#### TASK BRIEF
Output the listing exactly, without its pictures.
====== SUPPLIED DATA
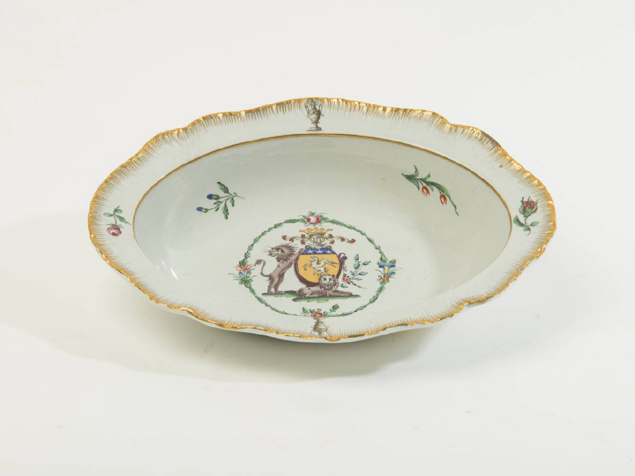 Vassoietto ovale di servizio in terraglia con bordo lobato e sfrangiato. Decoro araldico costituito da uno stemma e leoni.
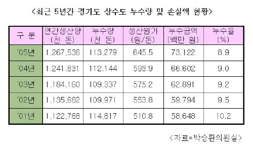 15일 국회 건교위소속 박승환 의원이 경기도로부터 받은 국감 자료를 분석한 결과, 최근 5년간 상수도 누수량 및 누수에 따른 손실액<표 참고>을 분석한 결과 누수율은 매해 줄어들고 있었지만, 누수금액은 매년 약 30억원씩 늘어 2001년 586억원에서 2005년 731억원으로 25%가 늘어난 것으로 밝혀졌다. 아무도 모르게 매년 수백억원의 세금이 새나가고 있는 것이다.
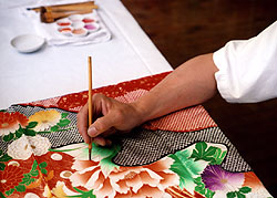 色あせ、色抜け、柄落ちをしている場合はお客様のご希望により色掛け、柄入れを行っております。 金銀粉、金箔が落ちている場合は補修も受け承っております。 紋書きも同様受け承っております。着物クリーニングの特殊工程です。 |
============
#### SOLUTION FOR THIS EXERCISE
 Vassoietto ovale di servizio in terraglia con bordo lobato e sfrangiato. Decoro araldico costituito da uno stemma e leoni.
 15일 국회 건교위소속 박승환 의원이 경기도로부터 받은 국감 자료를 분석한 결과, 최근 5년간 상수도 누수량 및 누수에 따른 손실액<표 참고>을 분석한 결과 누수율은 매해 줄어들고 있었지만, 누수금액은 매년 약 30억원씩 늘어 2001년 586억원에서 2005년 731억원으로 25%가 늘어난 것으로 밝혀졌다. 아무도 모르게 매년 수백억원의 세금이 새나가고 있는 것이다.
 色あせ、色抜け、柄落ちをしている場合はお客様のご希望により色掛け、柄入れを行っております。 金銀粉、金箔が落ちている場合は補修も受け承っております。 紋書きも同様受け承っております。着物クリーニングの特殊工程です。 |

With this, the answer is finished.